_How to complete this task:_
Your answer must be the full listing, reproduced exactly, minus any pictures.

_Entries provided:_
-*-*-

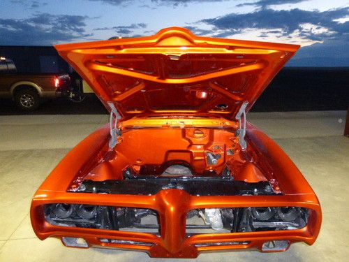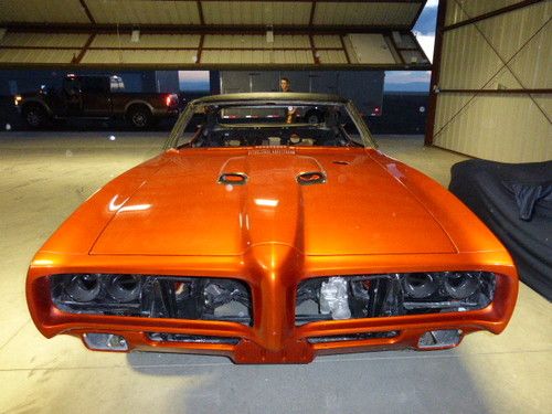 This is an unbelievably beautiful partial restoration of a 1969 GTO. It was not a Judge and I decided not to do a concourse restoration. It has shaved door handles, power trunk release, etc. It was a running car when I started a frame off restoration. It is a rolling chassis at this point of the restoration. The body work and paint job are incredible...I am into that over $20,000. I had a custom smoothed off firewall to make it a show car in the engine compartment. I have the 400 block and new polished edelbrock heads, polished dual intake manifold, dual carbs, and many more items that I can go over with someone if interested. The transmission and rear end are rebuilt. I recently purchase a complete disc brake conversion kit for the rear. I do not have the front seats...long story... one of my employees ebayed them without me knowing. He no longer works for me!! I have the dash, rear seats, glass, trim, gauges, a painless wiring harness, and so many new parts that I had ordered from Ames restoration. I wanted to finish this project, but a divorce has changed my plans. I put 1 mile on the listing because it wouldn't let me put unknown. I have the gauges but I don't know if it is actual miles. Let me know if you have questions 307-272-0175 or want more photos.
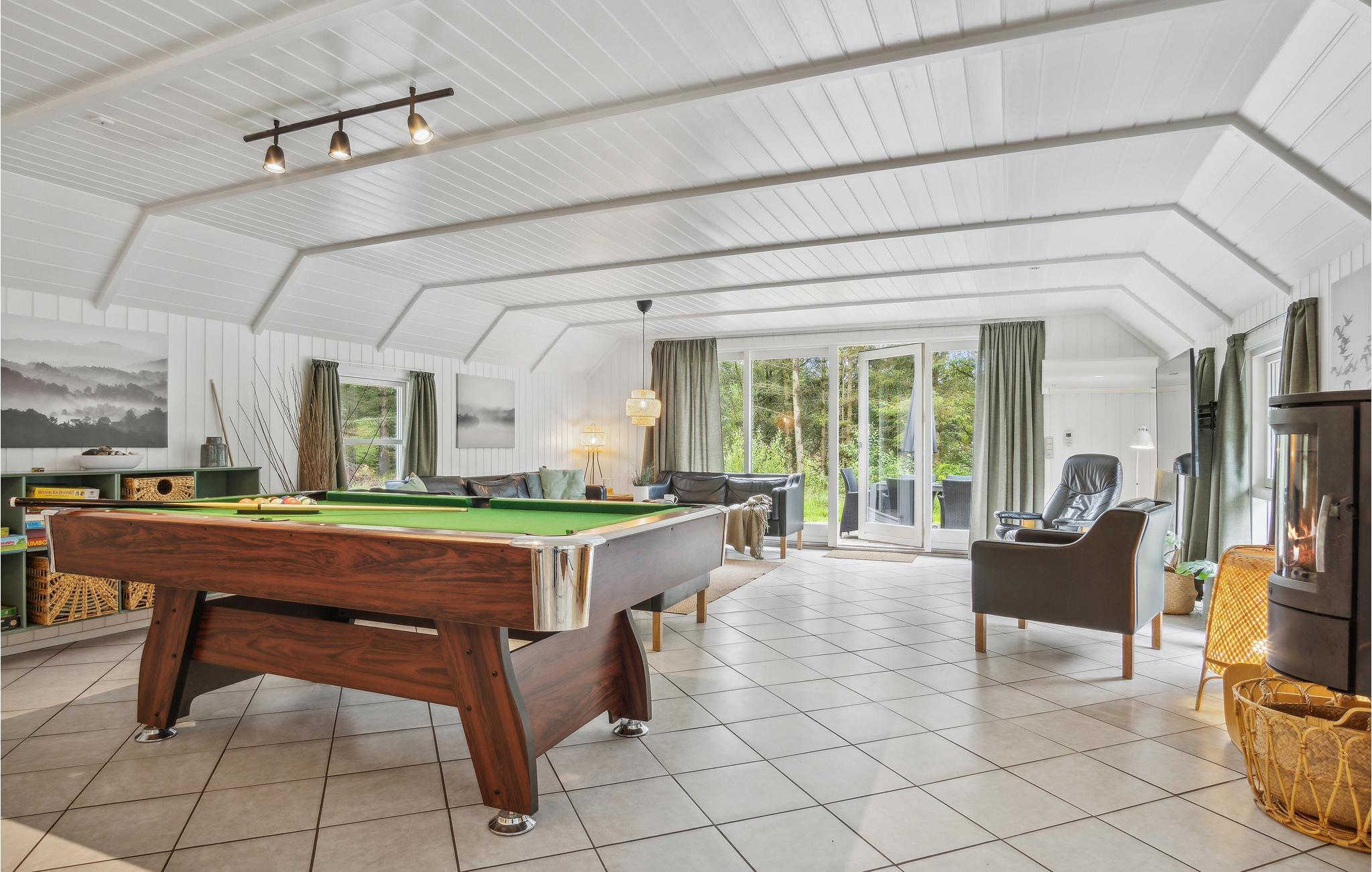 Sie sehnen sich nach einem Großfamilienurlaub oder möchten mit befreundeten Familien verreisen? Dann haben Sie hier das ideale Ferienhaus gefunden. Alle Gäste und Ihre Vierbeiner werden sich hier wohlfühlen. Der große und offene Wohnbereich wird Ihren Blick auf den Swimmingpool lenken, der nur durch eine Fensterfront abgetrennt ist. Ihre Kinder können sich daher im Swimmingpool vergnügen, während Sie gemütlich Ihren Kaffee am Esstisch oder dem Sofa trinken. Auch eine Partie Tischkicker oder Pool ist möglich. Der zusammenhängende Wohn- und Aktivitätsbereich verspricht Ihnen daher eine gesellige Zeit. Auch der Garten lädt Ihre Kinder zum Spielen ein, denn Spielgeräte sind über den garten verteilt. In den warmen Monaten können sie auf der Terrasse auch grillen und Ihre Urlaubsmahlzeiten im Freien einnehmen.
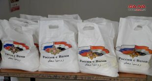 ريف دمشق-سانا وزع عسكريون روسيون من مركز التنسيق الروسي مساعدات إنسانية لأهالي
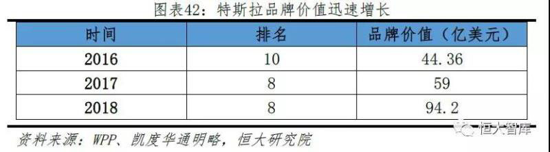 特斯拉具有非常高的品牌價值,這很大程度上得益于CEO馬斯克的個人魅力和獨(dú)特光環(huán)。馬斯克初期打造現(xiàn)實(shí)版鋼鐵俠形象,個人影響力高漲,“網(wǎng)紅效應(yīng)”使得特斯拉自帶流量和媒體曝光度。例如在Model 3發(fā)布會后利用社交網(wǎng)絡(luò)上各路媒體及自媒體進(jìn)行話題討論,首周預(yù)定量便超過30萬,傳播效果遠(yuǎn)超傳統(tǒng)廣告渠道。根據(jù)全球品牌評估平臺BrandZ數(shù)據(jù),特斯拉自2016年起位列全球汽車品牌前十,品牌價值也從2016年的44億美元漲至2018年的94億美元,甚至超過保時捷等老牌豪車品牌。
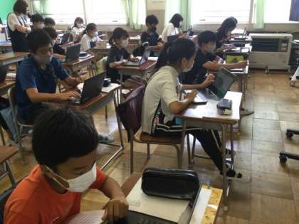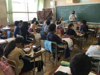 グループリーダーを頼まれた登場人物の心の変化について、意見を発表しています。
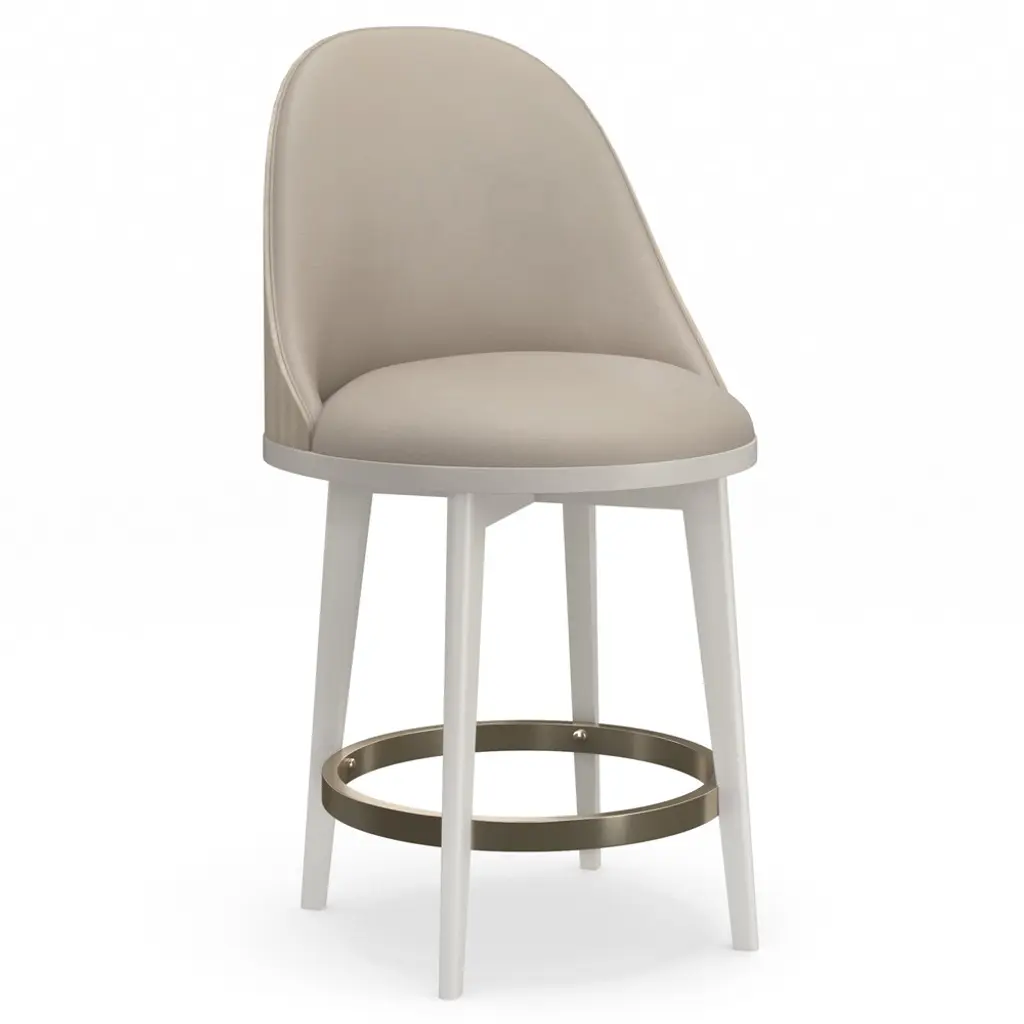 Edram Modern Classic Beige Upholstered White Wood Counter Stool
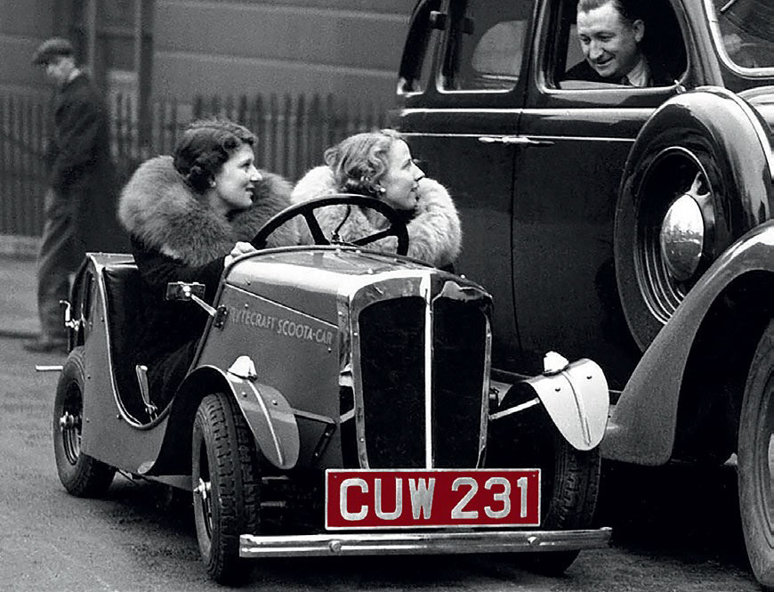Все началось с компании British Motor Boat Mfg Co Ltd, которая была в свое время просто помешана на миниатюрах. Она вообще занималась в основном моторными лодками. И ее любовь к миниатюрам вначале воплотилась в крошечных лодочках «scoota boat». А потом появились машинки Rytecraft Scootacar (в общем-то разновидность скутера). С 1934 по 1940 год их было выпущено около 1000. Часть «тиража» была оснащена 98-кубовым одноцилиндровым «воздушником» марки Villiers, а часть – электродвигателем и аккумуляторной батареей. Привод был только на одном заднем колесе, а на втором колесе был установлен тормоз. Скорость этого инженерного чуда, в котором помещались двое взрослых, (длина Rytecraft Scootacar составляла 2,5 метра, ширина – 1 метр) составляла около 25 км/ч. Машинка была настолько низкой, что легко проезжала… под прицепом. Что запечатлено на старых фотографиях, снятых на улицах Лондона. А сами машинки можно увидеть разве что в музейных экспозициях или в частных коллекциях.
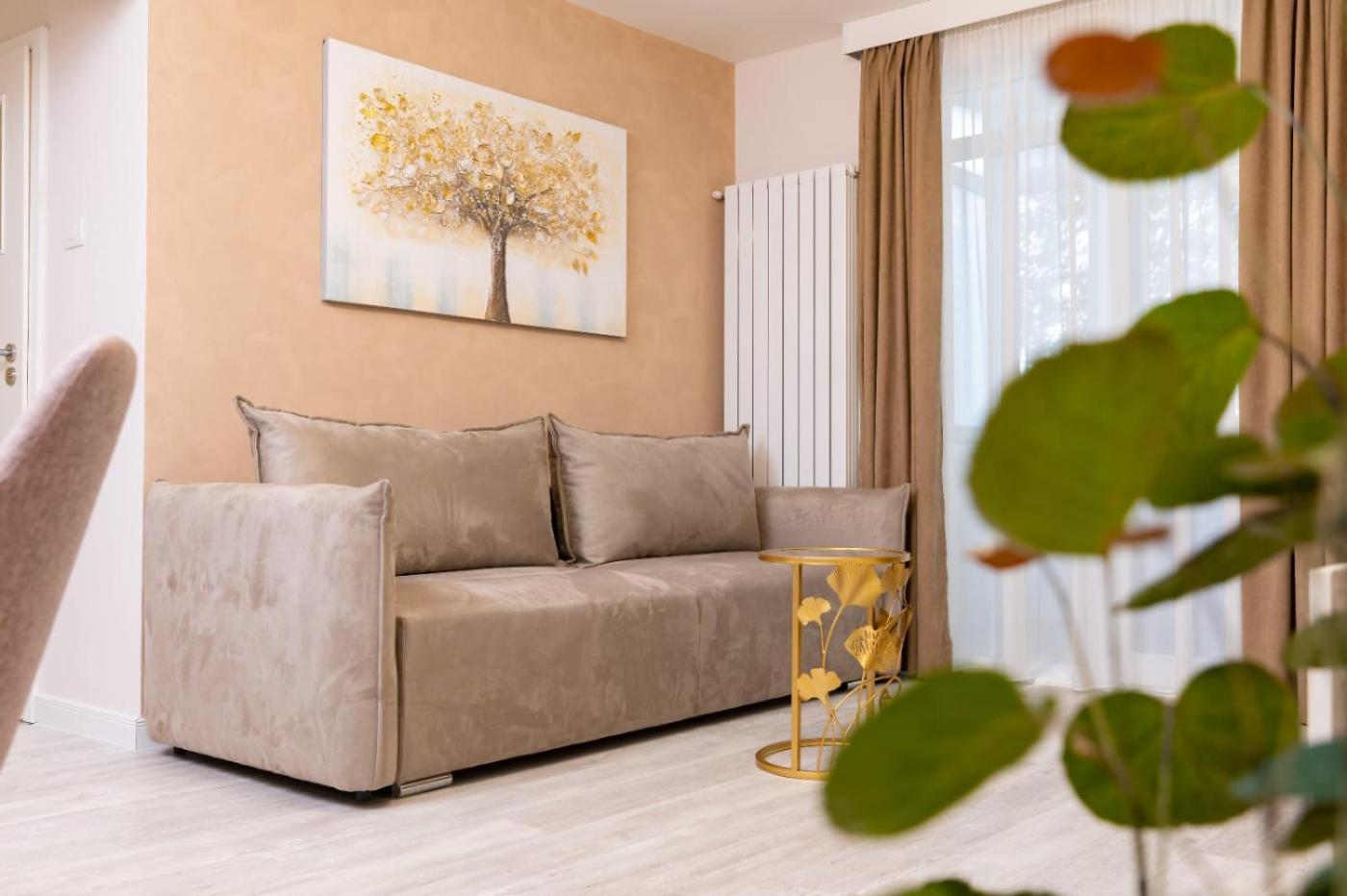 One-Bedroom Apartment. Boasting a private entrance, this air-conditioned apartment comes with 1 living room, 1 separate bedroom and 1 bathroom with a walk-in shower and a hairdryer. Guests can make meals in the kitchen that features a stovetop, a refrigerator, an oven and a microwave. The apartment features a washing machine, soundproof walls, a tea and coffee maker, a flat-screen TV with streaming services, as well as garden views. The unit has 2 beds.

-*-*-

_Answer section:_
 This is an unbelievably beautiful partial restoration of a 1969 GTO. It was not a Judge and I decided not to do a concourse restoration. It has shaved door handles, power trunk release, etc. It was a running car when I started a frame off restoration. It is a rolling chassis at this point of the restoration. The body work and paint job are incredible...I am into that over $20,000. I had a custom smoothed off firewall to make it a show car in the engine compartment. I have the 400 block and new polished edelbrock heads, polished dual intake manifold, dual carbs, and many more items that I can go over with someone if interested. The transmission and rear end are rebuilt. I recently purchase a complete disc brake conversion kit for the rear. I do not have the front seats...long story... one of my employees ebayed them without me knowing. He no longer works for me!! I have the dash, rear seats, glass, trim, gauges, a painless wiring harness, and so many new parts that I had ordered from Ames restoration. I wanted to finish this project, but a divorce has changed my plans. I put 1 mile on the listing because it wouldn't let me put unknown. I have the gauges but I don't know if it is actual miles. Let me know if you have questions 307-272-0175 or want more photos.
 Sie sehnen sich nach einem Großfamilienurlaub oder möchten mit befreundeten Familien verreisen? Dann haben Sie hier das ideale Ferienhaus gefunden. Alle Gäste und Ihre Vierbeiner werden sich hier wohlfühlen. Der große und offene Wohnbereich wird Ihren Blick auf den Swimmingpool lenken, der nur durch eine Fensterfront abgetrennt ist. Ihre Kinder können sich daher im Swimmingpool vergnügen, während Sie gemütlich Ihren Kaffee am Esstisch oder dem Sofa trinken. Auch eine Partie Tischkicker oder Pool ist möglich. Der zusammenhängende Wohn- und Aktivitätsbereich verspricht Ihnen daher eine gesellige Zeit. Auch der Garten lädt Ihre Kinder zum Spielen ein, denn Spielgeräte sind über den garten verteilt. In den warmen Monaten können sie auf der Terrasse auch grillen und Ihre Urlaubsmahlzeiten im Freien einnehmen.
 ريف دمشق-سانا وزع عسكريون روسيون من مركز التنسيق الروسي مساعدات إنسانية لأهالي
 特斯拉具有非常高的品牌價值,這很大程度上得益于CEO馬斯克的個人魅力和獨(dú)特光環(huán)。馬斯克初期打造現(xiàn)實(shí)版鋼鐵俠形象,個人影響力高漲,“網(wǎng)紅效應(yīng)”使得特斯拉自帶流量和媒體曝光度。例如在Model 3發(fā)布會后利用社交網(wǎng)絡(luò)上各路媒體及自媒體進(jìn)行話題討論,首周預(yù)定量便超過30萬,傳播效果遠(yuǎn)超傳統(tǒng)廣告渠道。根據(jù)全球品牌評估平臺BrandZ數(shù)據(jù),特斯拉自2016年起位列全球汽車品牌前十,品牌價值也從2016年的44億美元漲至2018年的94億美元,甚至超過保時捷等老牌豪車品牌。
 グループリーダーを頼まれた登場人物の心の変化について、意見を発表しています。
 Edram Modern Classic Beige Upholstered White Wood Counter Stool
Все началось с компании British Motor Boat Mfg Co Ltd, которая была в свое время просто помешана на миниатюрах. Она вообще занималась в основном моторными лодками. И ее любовь к миниатюрам вначале воплотилась в крошечных лодочках «scoota boat». А потом появились машинки Rytecraft Scootacar (в общем-то разновидность скутера). С 1934 по 1940 год их было выпущено около 1000. Часть «тиража» была оснащена 98-кубовым одноцилиндровым «воздушником» марки Villiers, а часть – электродвигателем и аккумуляторной батареей. Привод был только на одном заднем колесе, а на втором колесе был установлен тормоз. Скорость этого инженерного чуда, в котором помещались двое взрослых, (длина Rytecraft Scootacar составляла 2,5 метра, ширина – 1 метр) составляла около 25 км/ч. Машинка была настолько низкой, что легко проезжала… под прицепом. Что запечатлено на старых фотографиях, снятых на улицах Лондона. А сами машинки можно увидеть разве что в музейных экспозициях или в частных коллекциях.
 One-Bedroom Apartment. Boasting a private entrance, this air-conditioned apartment comes with 1 living room, 1 separate bedroom and 1 bathroom with a walk-in shower and a hairdryer. Guests can make meals in the kitchen that features a stovetop, a refrigerator, an oven and a microwave. The apartment features a washing machine, soundproof walls, a tea and coffee maker, a flat-screen TV with streaming services, as well as garden views. The unit has 2 beds.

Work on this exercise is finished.